AboutBecky Whetstone, Ph.D. aka Doctor Becky Expertise I can answer questions regarding marriage and family concerning marital crisis, separating, Managed Separations, deciding to divorce, the divorce process and divorce therapy, and post divorce issues. I am a psychological and mental health specialist, and not an attorney, so unfortunately I wouldn't be able to answer your legal questions -- but I look forward to any questions regarding relationship health or deciding to separate of divorce – including those about children.
Experience I am a Marriage and family Therapist and work with couples and families in marital crisis and/or considering divorce every day. I help them make the wisest possible decision for them, and help them put their marriage on track or help ease them through divorce.
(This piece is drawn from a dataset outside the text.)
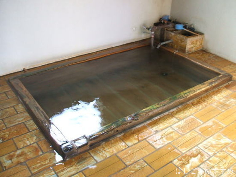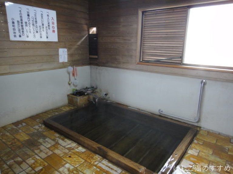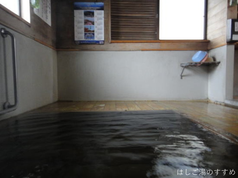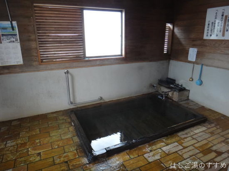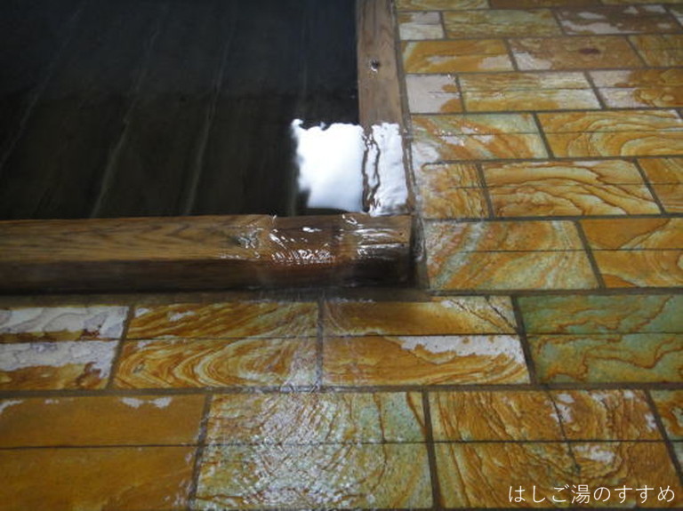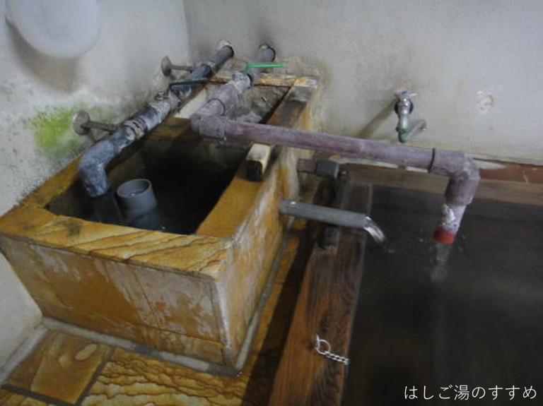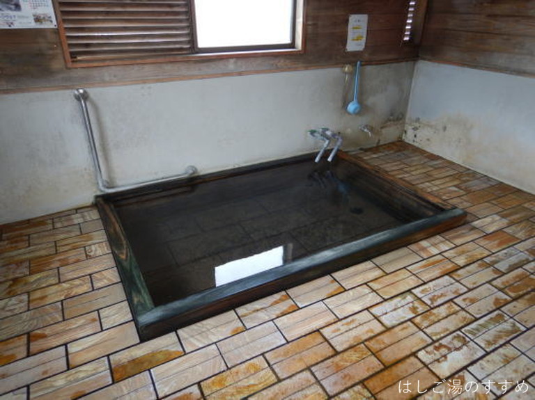 茶色の石板張り浴室に4~5人サイズの長方形木造浴槽がひとつあります。底までも全て木造で温もりが感じられる浴槽です。湯口より綺麗な無色透明湯が投入され浴槽内で適温(加水多め)、タマゴ臭が優しく香る軽い浴感の夏に良さそうなサッパリとした湯です。湯汚れなど一切ない湯で大変心地よい一浴となりました。ここは浴舎の雰囲気も良く、もっと頻繁に足を運びたいところです。

Organizations American Association of Marriage and Family Therapists
Texas Association of Marriage & Family Therapists
San Antonio Association of Marriage & Family Therapists
Publications San Antonio Express-News
North San Antonio Times
Education/Credentials M.A. and Ph.D. in Marriage & Family Therapy
BA in Journalism
Licensed Professional Counselor
Licensed Marriage & Family Therapist
Question I have been married to my husband for 6 months and we have been separated for 3 months. He is very controlling and it has gotten so bad that I have moved back home with my mother. We have tried going to marriage counseling but that did not help. I am tried of being trapped in this marriage. I don't know what to do. Can you please help me?
Answer Dear Kearston,
I am so sorry that you are going through a bad time when this time so soon after your marriage ought to be a happy one. It does sound like your husband is too immature to have a healthy relationship at this time, and although I am sad to say it, I want you to know that it is OK to get a divorce so soon after a marriage. Some people just don't do well once they are married ... it actually can bring about the "dark side" in many. You say this man is controlling, and that is not good. The chances of him changing without being highly motivated are zero. It is best to cut your losses before it becomes even more difficult to leave -- like if you had children together.
If I were you I would call your local family violence center and request counseling. They will help you understand what is going on so that you can make a clear decision. Counseling at such places if free of charge, and the quality of the therapy is excellent. You need to do this for yourself.